**COLLECTED DATA:**
* * * * * * *
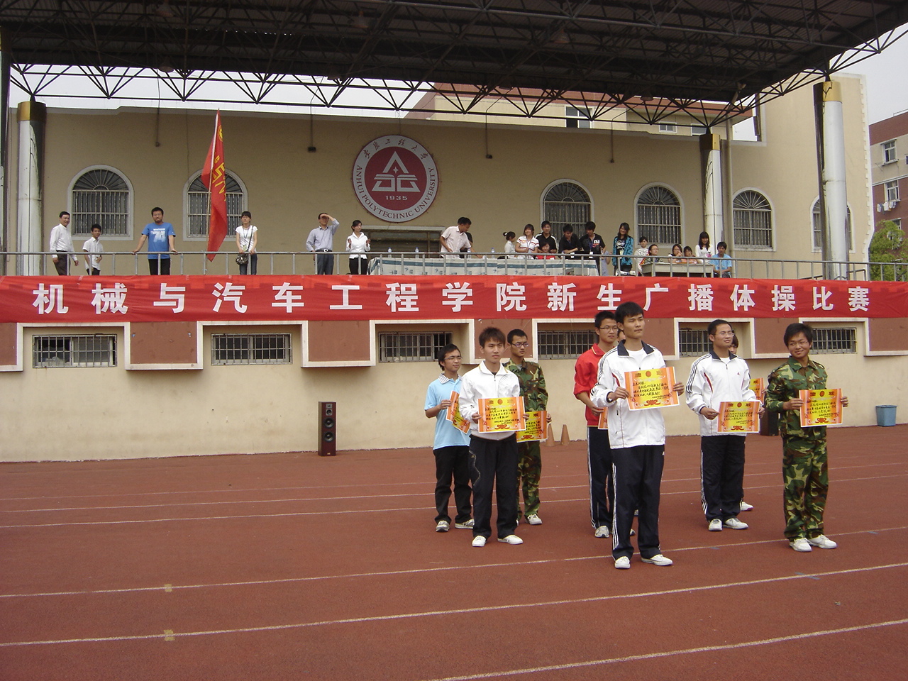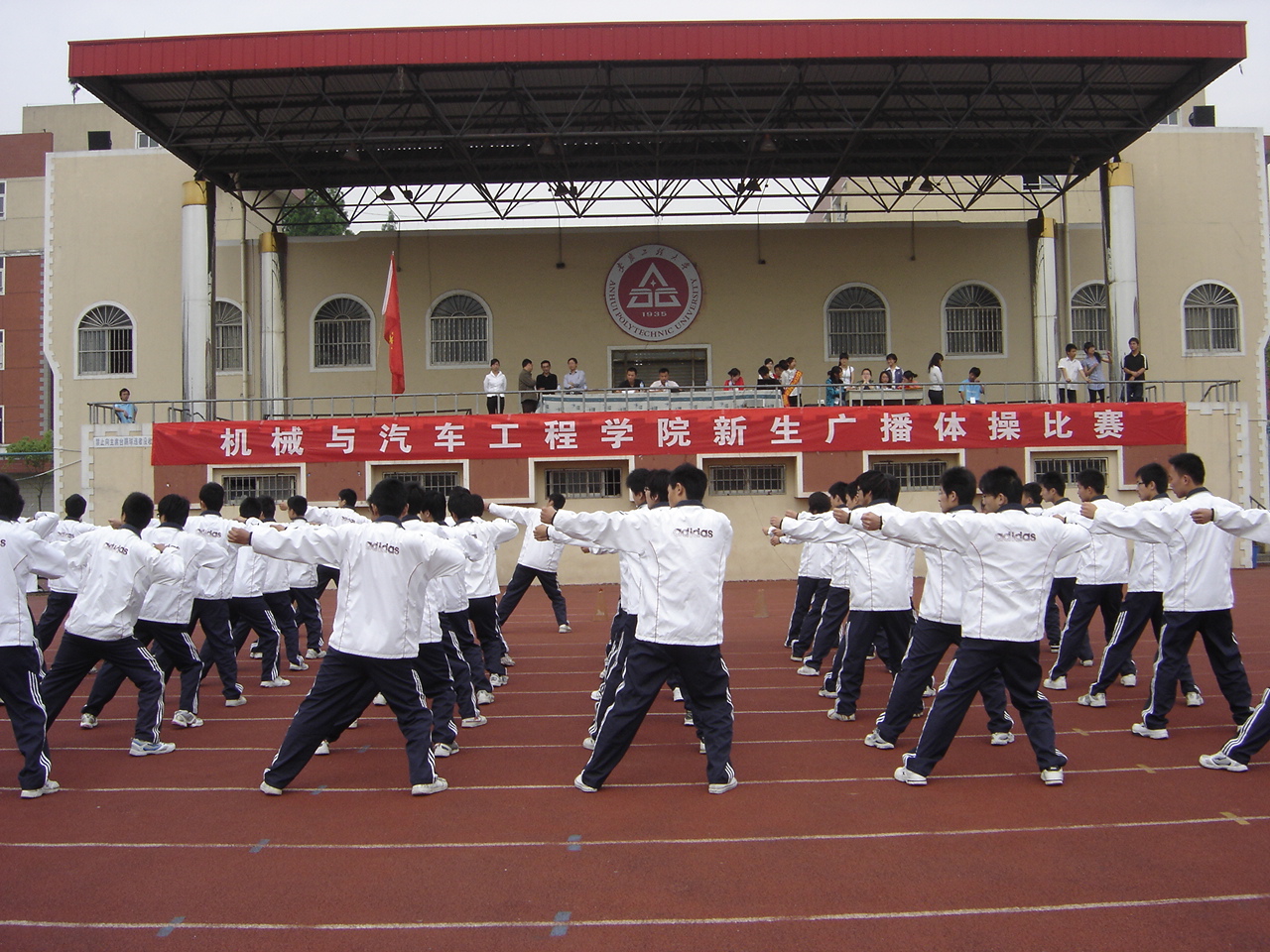 5月14日上午,机械与汽车工程学院2011年新生广播操比赛在校塑胶操运动场隆重举行。莅临本次比赛现场的嘉宾有院党委副书记邓英扣,以及辅导员王彦青、高倩老师。体育学院王建、许思明老师应邀担任此次比赛的评委。
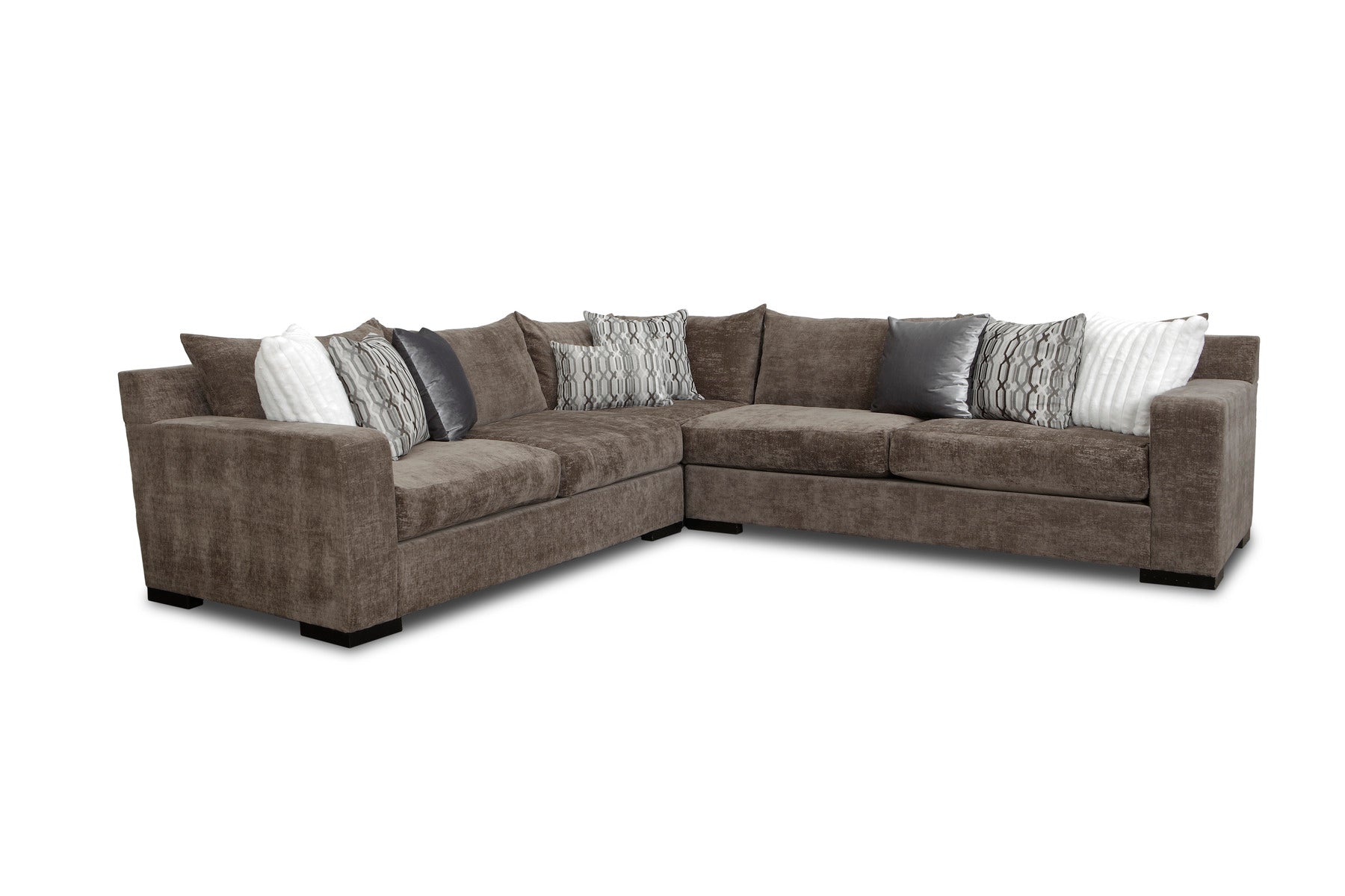 This beautifully tailored L-shaped sectional, upholstered in the warm, inviting Verona Ash fabric, brings an earthy, elegant neutrality to any living space. Verona Ash is a rich, medium brown-grey with a soft texture that immediately makes the room feel cozy and upscale.
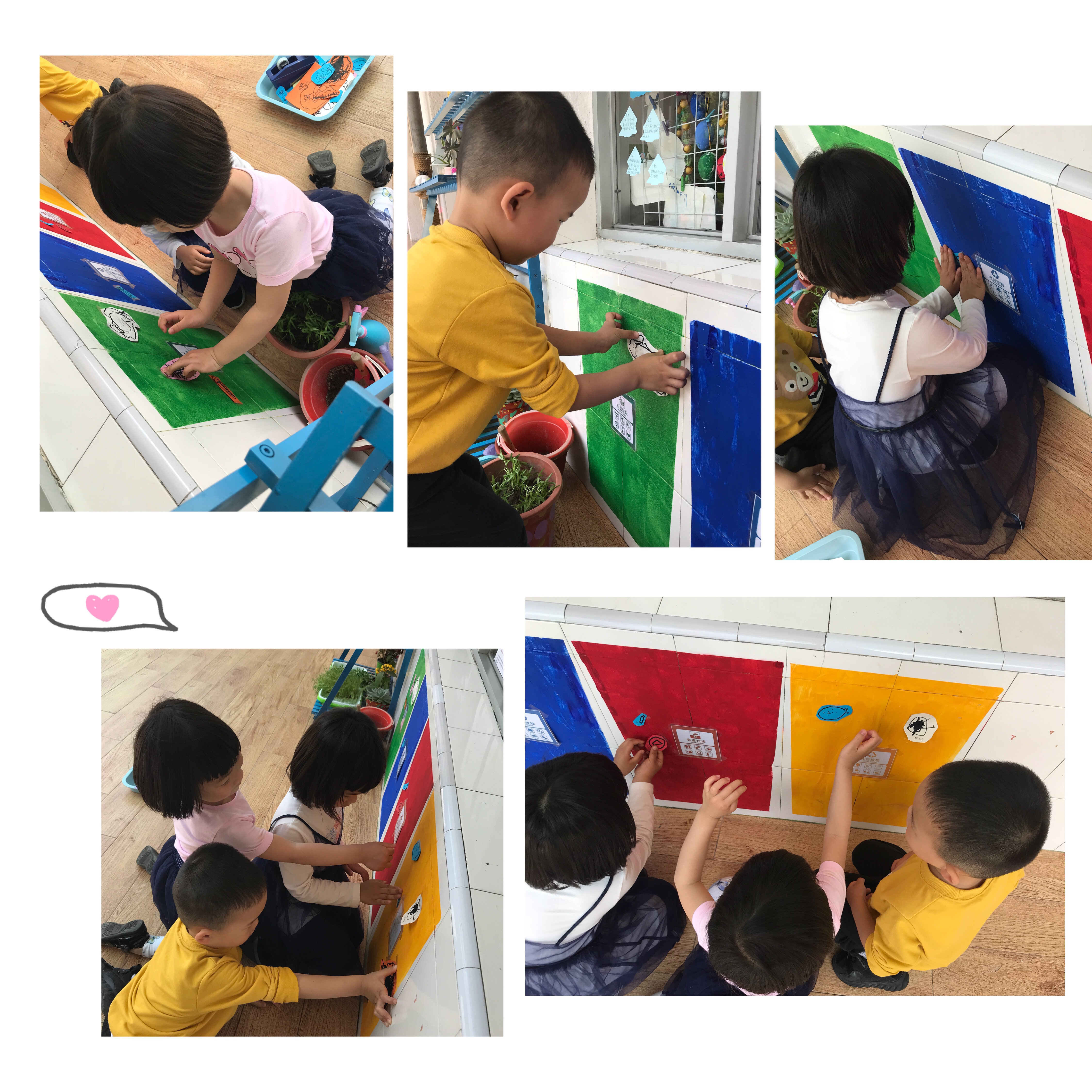 家长助教还提供了很多的垃圾卡片,小朋友们玩起了“贴垃圾”的游戏,孩子们在玩的过程中体验了分类垃圾的快乐体验。
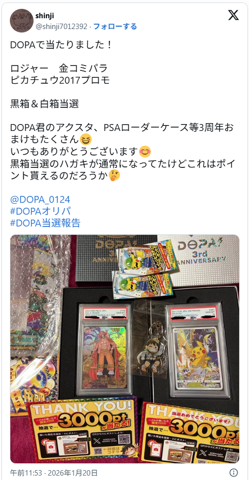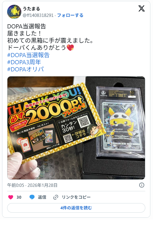 DOPAは高額当選報告数が圧倒的に多く、当選してXに投稿するとポイントが貰えます!
* * * * * * *
None of the pictures should be kept; reproduce all the remaining material exactly.

 5月14日上午,机械与汽车工程学院2011年新生广播操比赛在校塑胶操运动场隆重举行。莅临本次比赛现场的嘉宾有院党委副书记邓英扣,以及辅导员王彦青、高倩老师。体育学院王建、许思明老师应邀担任此次比赛的评委。
 This beautifully tailored L-shaped sectional, upholstered in the warm, inviting Verona Ash fabric, brings an earthy, elegant neutrality to any living space. Verona Ash is a rich, medium brown-grey with a soft texture that immediately makes the room feel cozy and upscale.
 家长助教还提供了很多的垃圾卡片,小朋友们玩起了“贴垃圾”的游戏,孩子们在玩的过程中体验了分类垃圾的快乐体验。
 DOPAは高額当選報告数が圧倒的に多く、当選してXに投稿するとポイントが貰えます!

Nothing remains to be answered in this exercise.